### WORK REQUIRED
Skip the images and print the listing exactly.

### SUPPLIED DATA
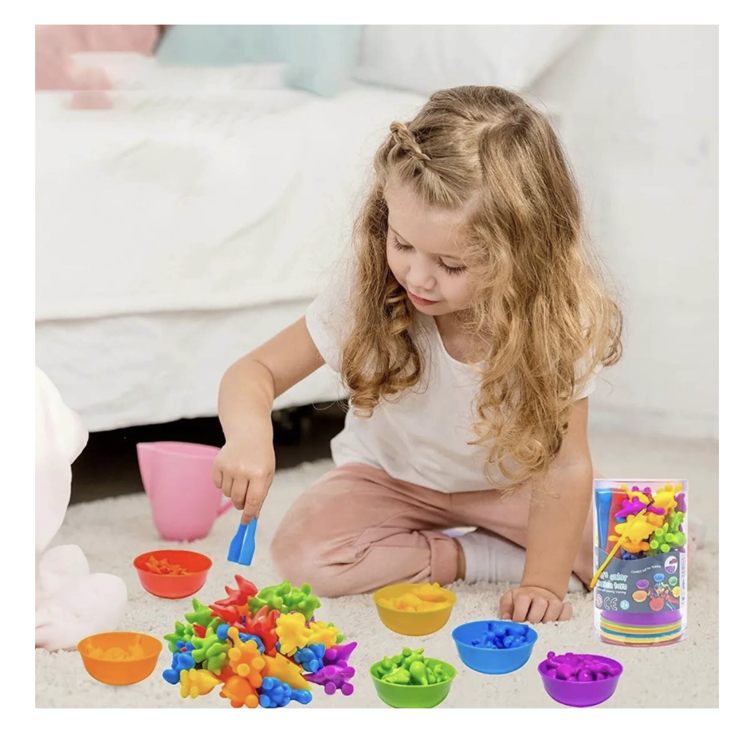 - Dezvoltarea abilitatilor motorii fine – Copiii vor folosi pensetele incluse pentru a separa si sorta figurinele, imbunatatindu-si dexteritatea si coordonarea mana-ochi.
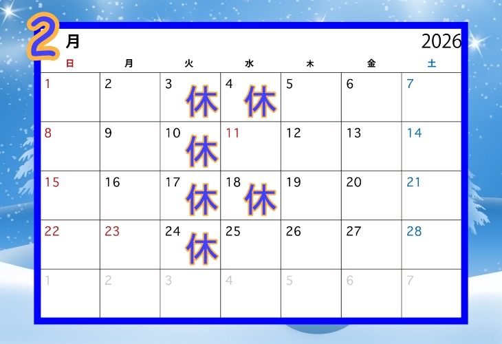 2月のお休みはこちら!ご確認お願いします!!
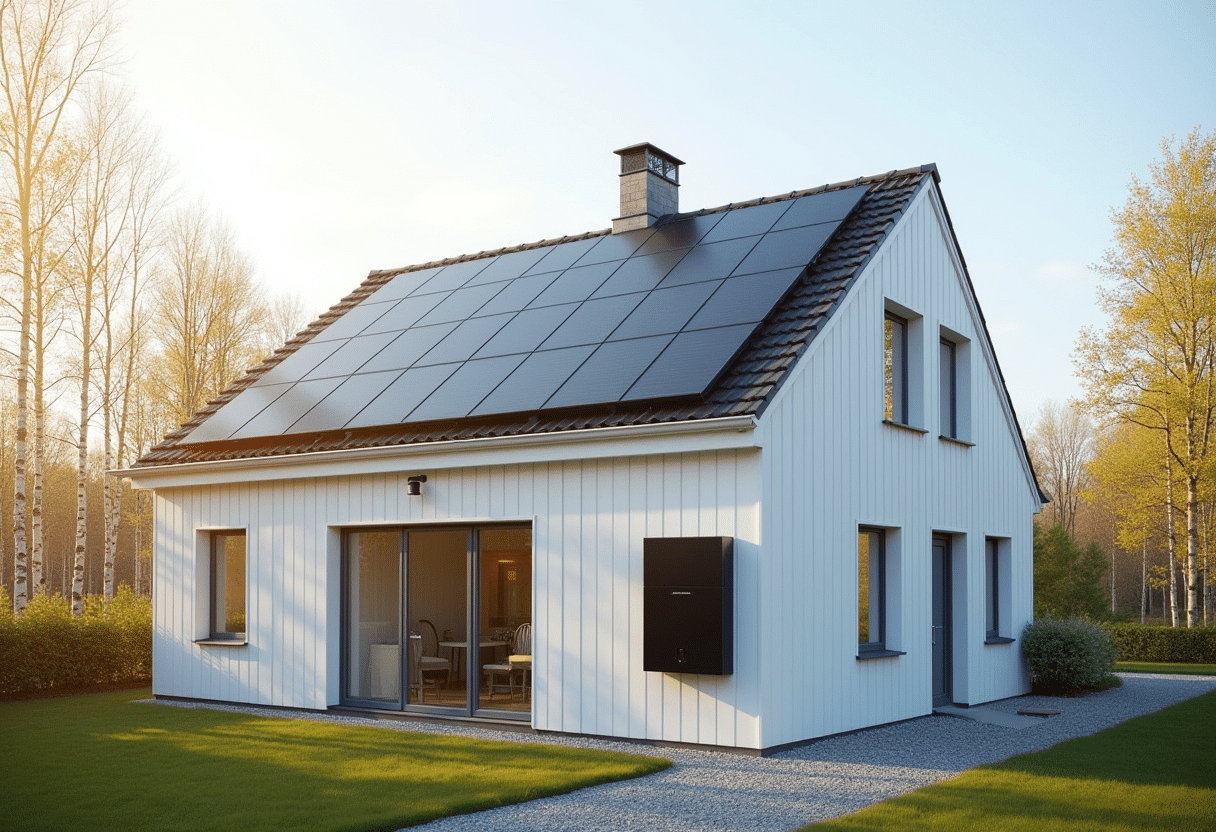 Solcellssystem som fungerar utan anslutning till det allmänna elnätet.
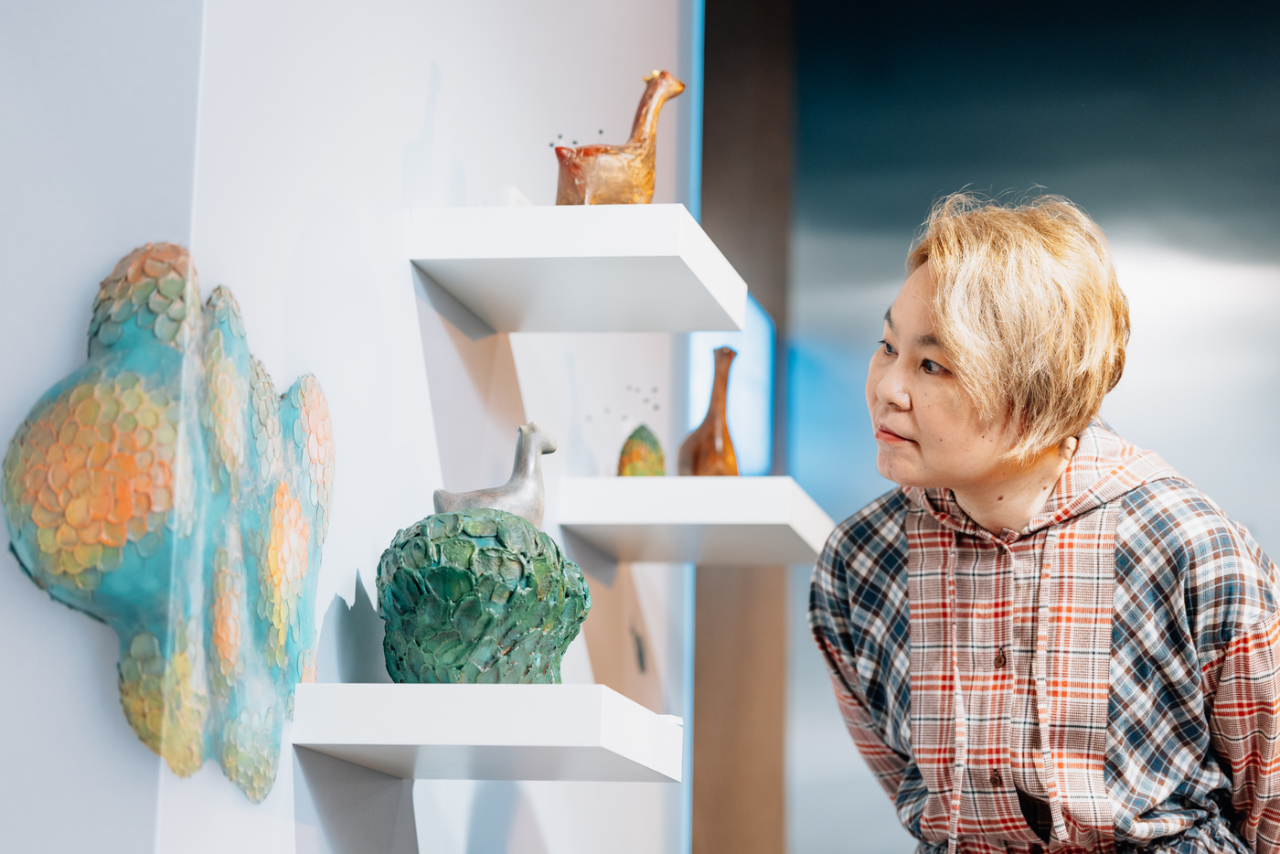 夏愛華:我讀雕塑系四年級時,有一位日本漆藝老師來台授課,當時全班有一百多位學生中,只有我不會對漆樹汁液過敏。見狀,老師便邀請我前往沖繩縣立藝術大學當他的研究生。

### OUTPUT OF THE EXERCISE
 - Dezvoltarea abilitatilor motorii fine – Copiii vor folosi pensetele incluse pentru a separa si sorta figurinele, imbunatatindu-si dexteritatea si coordonarea mana-ochi.
 2月のお休みはこちら!ご確認お願いします!!
 Solcellssystem som fungerar utan anslutning till det allmänna elnätet.
 夏愛華:我讀雕塑系四年級時,有一位日本漆藝老師來台授課,當時全班有一百多位學生中,只有我不會對漆樹汁液過敏。見狀,老師便邀請我前往沖繩縣立藝術大學當他的研究生。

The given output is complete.